Besides that first attack we know that they had combined with the Canaanites (Numbers 14:43-45), the
Moabites (Judges 3:22, 13), and the Midianites (Judges 7:12) against Israel. What other more direct warfare
they may have carried on, is not expressly mentioned in Scripture, because, as frequently observed, it is not
a record of the national history of Israel. But from 1 Samuel 15:33 we infer that, at the time of which we write,
they were not only in open hostility against Israel, but behaved with extreme and wanton cruelty. Against
this unrelenting hereditary foe of the kingdom of God the ban had long been pronounced (Deuteronomy
25:17-19). The time had now arrived for its execution, and Samuel summoned Saul in the most solemn manner
to this work. It was in itself a difficult expedition. To be carried out in its full sweep as a "ban," it would, in
Saul's then state of mind, have required peculiar self-abnegation and devotion. Looking back upon it from
another stage of moral development and religious dispensation, and in circumstances so different that such
questions and duties can never arise,140 and that they seem immeasurably far behind, as the dark valley to
the traveler who has climbed the sunlit height, or as perhaps events and phases in our own early history,
many things connected with the "ban" may appear mysterious to us. But the history before us is so far
helpful as showing that, besides its direct meaning as a judgment, it had also another and a moral aspect,
implying, as in the case of Saul, self-abnegation and real devotedness to God.
Thus viewed, the command to execute the "ban" upon Amalek was the second and final test o f Saul's
fitness for being king over God's people. The character of this kingdom had been clearly explained by
Samuel at Gilgal in his address to king and people (1 Samuel 12:14, 20, 21, 24). There is evidently an internal
connection between the first (1 Samuel 13:8-14) and this second and final trial of Saul. The former had
brought to light his want of faith, and even of simple obedience, and it had been a test of his moral
qualification for the kingdom; this second was the test of his moral qualification for being king.
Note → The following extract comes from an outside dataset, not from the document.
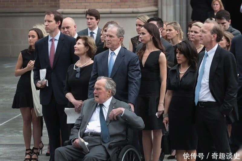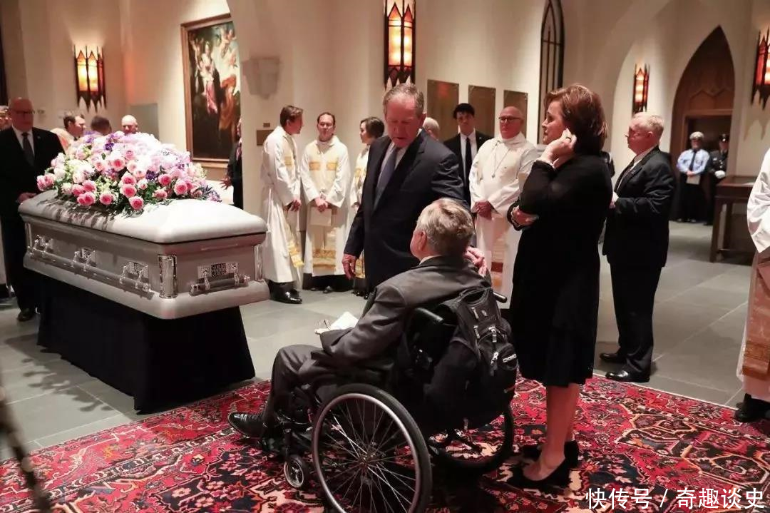这场葬礼上,老布什穿戴伶仃灰色西装,搭配着深蓝色领带,坐在轮椅上,由男儿小布什推到了芭芭拉的棺木前。

As the first
trial, so to speak, developed into the second, so Saul's want of moral qualification had ripened into absolute
disqualification -and as the former trial determined the fate of his line, so this second decided his own as
king. After the first trial his line was rejected; after the second his own standing as theocratic king ceased.
As God-appointed king he was henceforth rejected; Jehovah withdrew the sanction which He had formerly
given to his reign by the aid of His power and the Presence of His Spirit. Henceforth "the Spirit of Jehovah
departed from Saul" (1 Samuel 16:14), and he was left, in the judgment of God, to the influence of that evil
spirit to whom his natural disposition and the circumstances of his position laid him specially open (comp.
Matthew 12:43-45).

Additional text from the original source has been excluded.